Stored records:
....
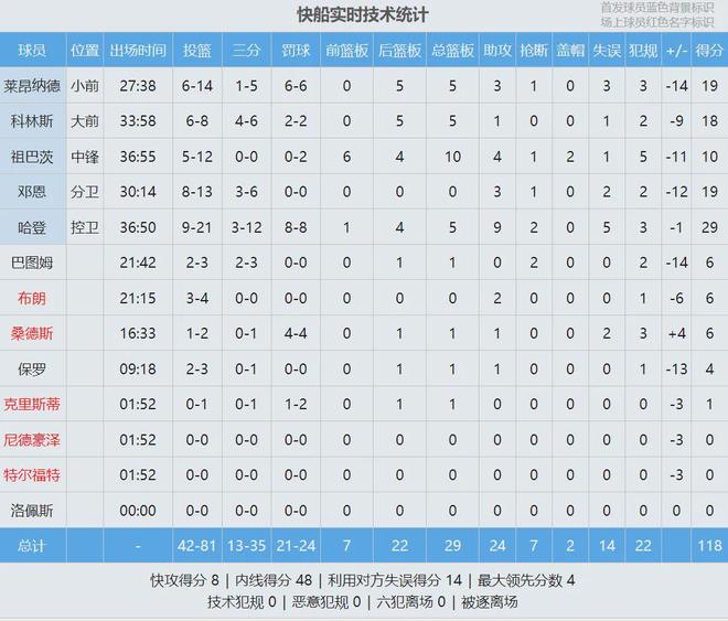 湖人三叉戟合砍下99分24篮板22助攻,东契奇赛后表示,自己会帮海斯缴纳罚款!哈登29分5板9助2断、小卡19分5板3助、邓恩19分3助。最后看看比赛数据,说说你的心情:
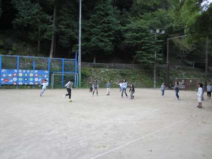 サッカーボールは【軽量級】を使っていますが,キックの仕方によっては,結構飛びます。
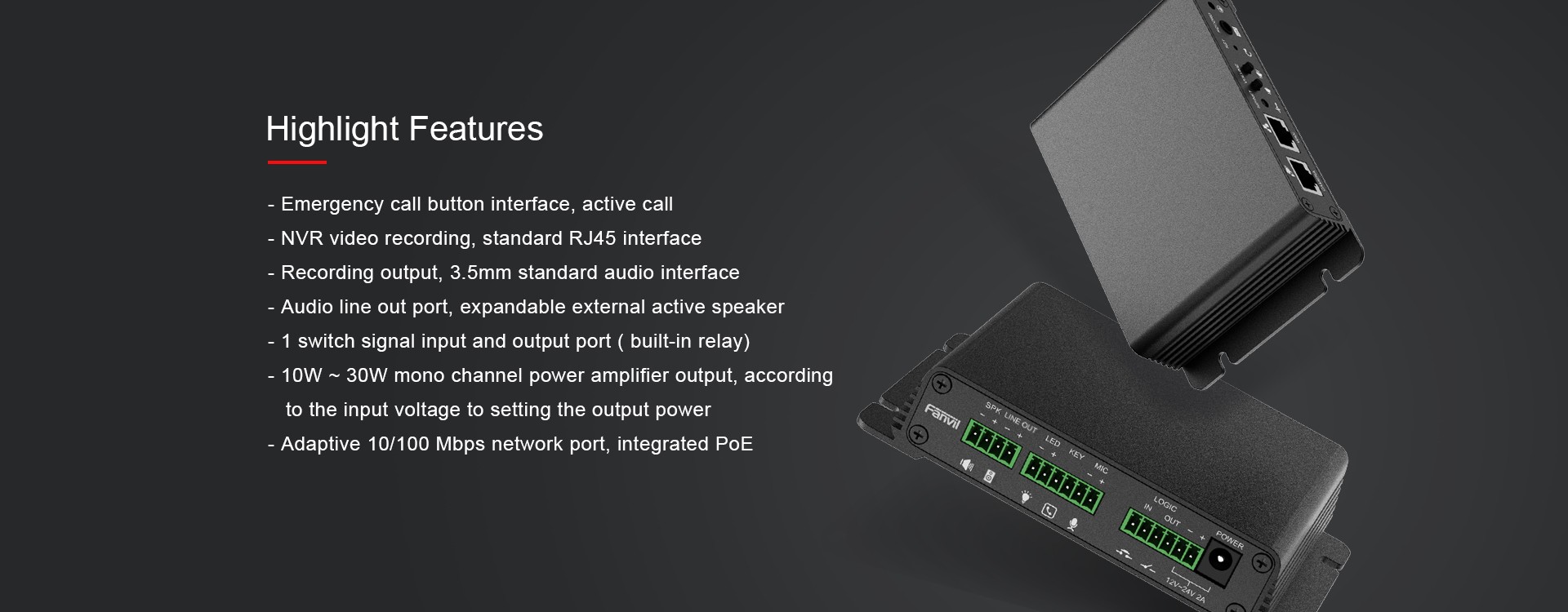 Fanvil PA2S is a SIP paging gateway that uses the standard IP/RTP/RTSP protocol for media streaming. It sets a variety of functional interfaces in one: broadcast, recording, intercom, security. Through the connection of the external devices to achieve audio and video intercom, broadcast, security trigger and other practical functions, Fanvil PA2S can apply to multiple scenarios to deploy the equipment. The size of the device is small, which is suitable for DIY applications of various integrated solutions.
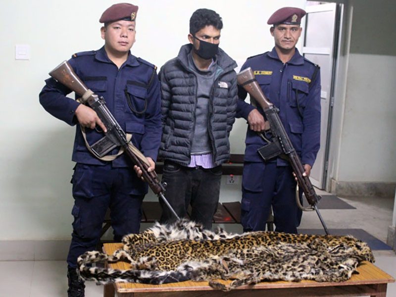 सुर्खेतमा दुई थान चितुवाको छालासहित एक युवा पक्राउ
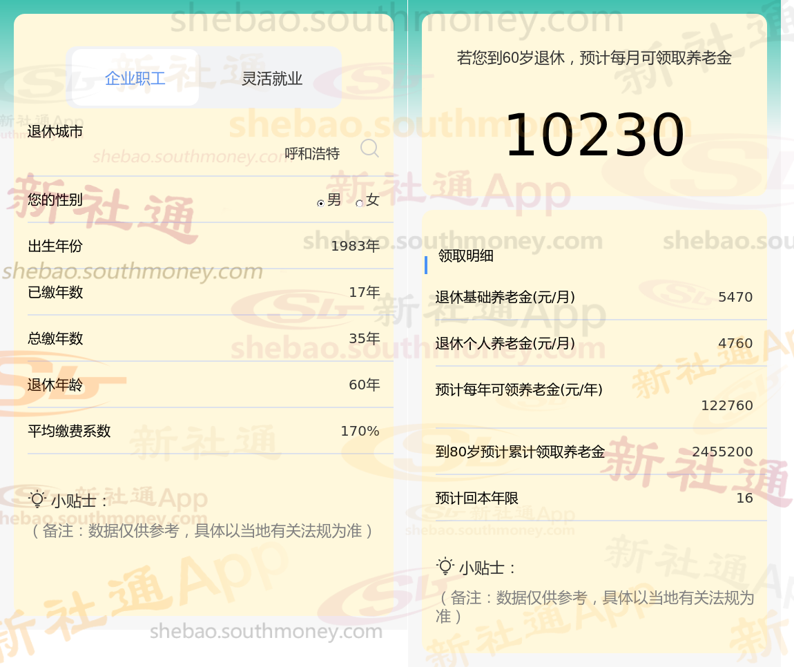 通过新社通APP-养老金计算所得:退休城市、出生年份、退休年龄、缴费系数都相同的情况下,社保缴费年限累计35年时,计算如下:
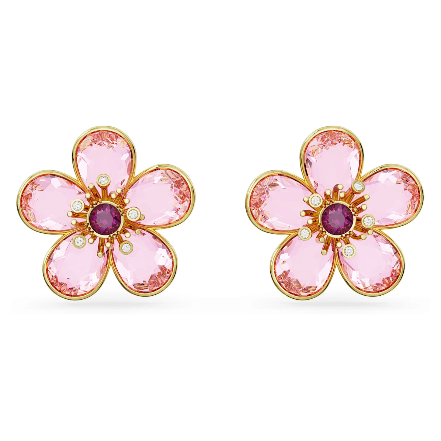 Swarovski Florere Stud Earrings Flower, Pink, Gold-tone Plated
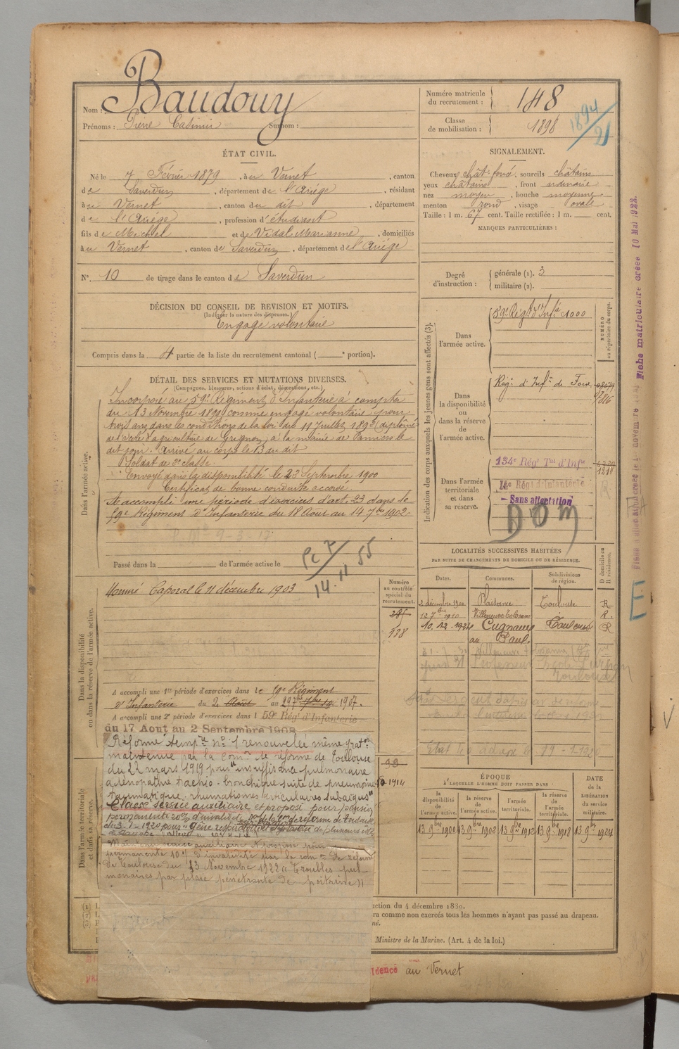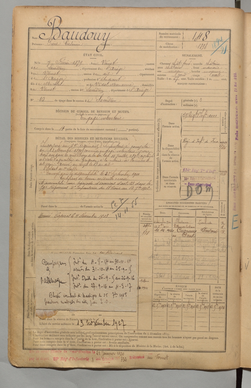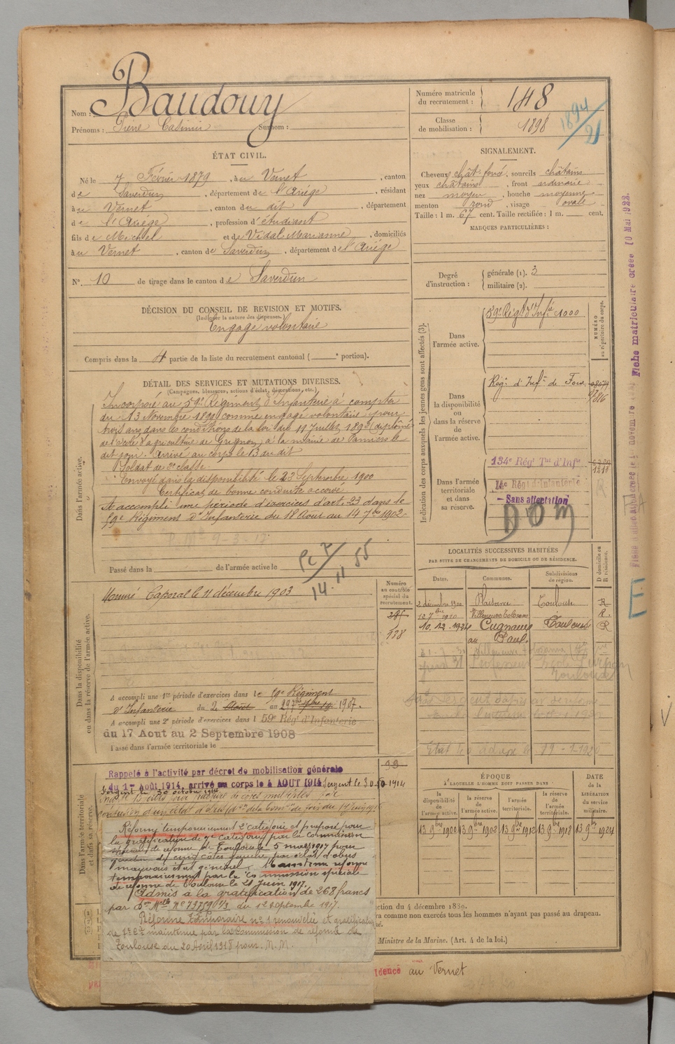 | Baudouy | Pierre Casimir | FOIX | 1 R 456 | 1899 | Vernet (Le) | Vernet (Le) | 148 |
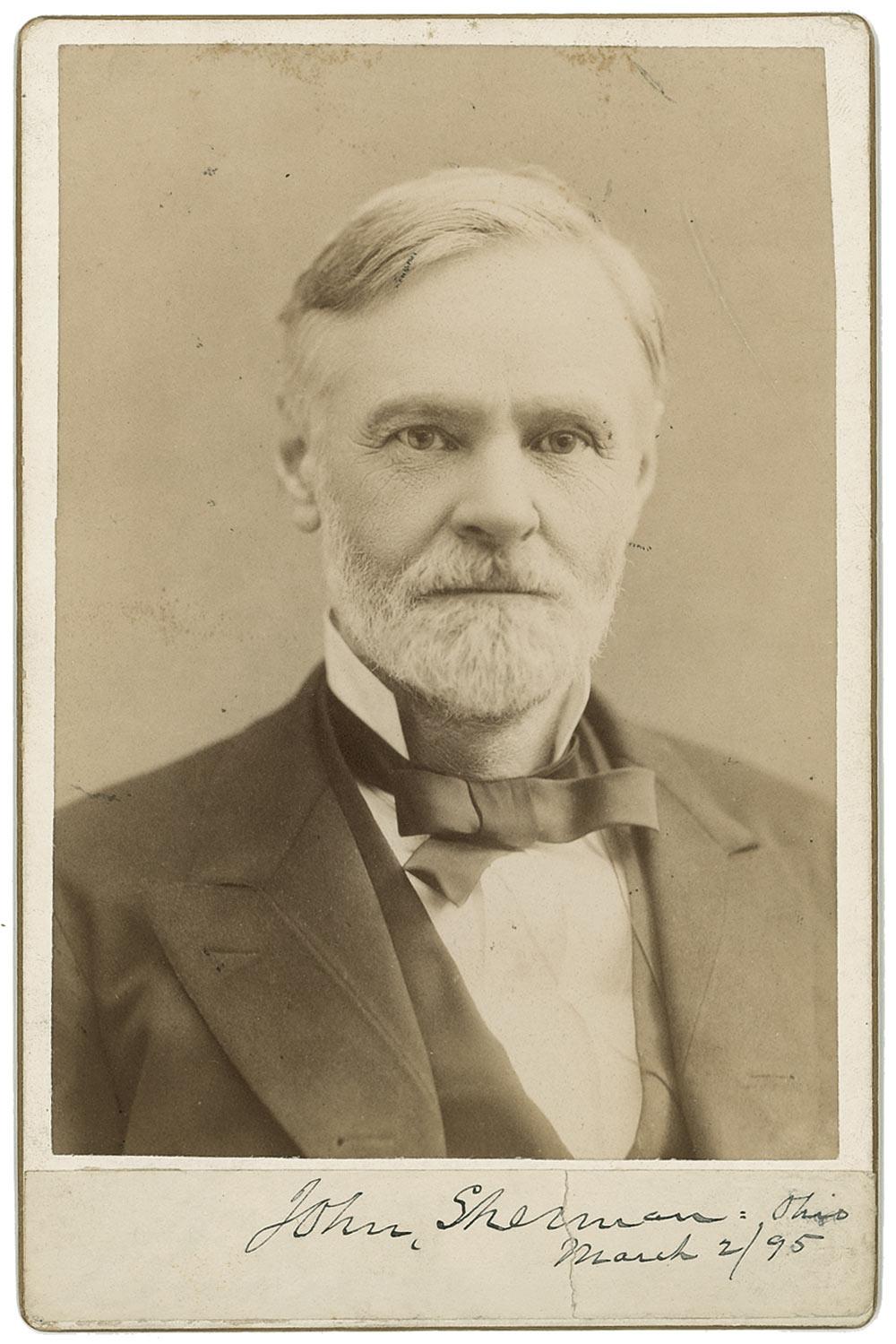 American politician, friend and supporter of Abraham Lincoln, and creator of the Sherman Anti-Trust Act. Excellent 4.25 x 6.5 cabinet portrait by Baker’s Art Gallery, Columbus, Ohio, showing the graying politician in suit and bow tie, signed in ink below the image on the mount, “John Sherman, Ohio, March 2/95.” In fine condition, with a few trivial surface marks and a short vertical crack passing through Sherman’s surname and date. Provenance: The Barry Hoffman Collection.
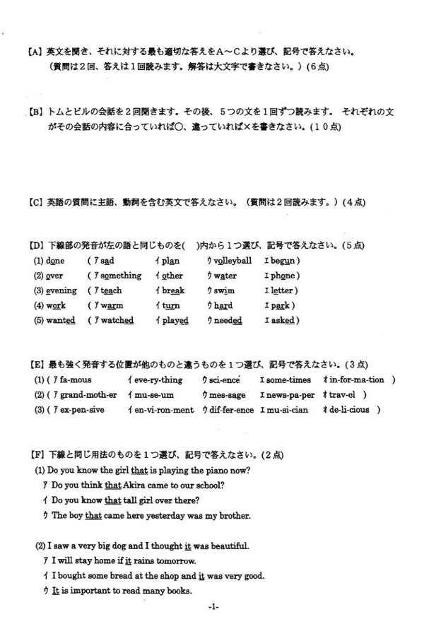 平成26年度入試過去問題: 数学(問題) 英語(問題)
....
BRIEF:
Above are the records; repeat their lines from the first through the line containing "(Le) | 148 |", and leave out each picture.

EXPECTED OUTPUT:
 湖人三叉戟合砍下99分24篮板22助攻,东契奇赛后表示,自己会帮海斯缴纳罚款!哈登29分5板9助2断、小卡19分5板3助、邓恩19分3助。最后看看比赛数据,说说你的心情:
 サッカーボールは【軽量級】を使っていますが,キックの仕方によっては,結構飛びます。
 Fanvil PA2S is a SIP paging gateway that uses the standard IP/RTP/RTSP protocol for media streaming. It sets a variety of functional interfaces in one: broadcast, recording, intercom, security. Through the connection of the external devices to achieve audio and video intercom, broadcast, security trigger and other practical functions, Fanvil PA2S can apply to multiple scenarios to deploy the equipment. The size of the device is small, which is suitable for DIY applications of various integrated solutions.
 सुर्खेतमा दुई थान चितुवाको छालासहित एक युवा पक्राउ
 通过新社通APP-养老金计算所得:退休城市、出生年份、退休年龄、缴费系数都相同的情况下,社保缴费年限累计35年时,计算如下:
 Swarovski Florere Stud Earrings Flower, Pink, Gold-tone Plated
 | Baudouy | Pierre Casimir | FOIX | 1 R 456 | 1899 | Vernet (Le) | Vernet (Le) | 148 |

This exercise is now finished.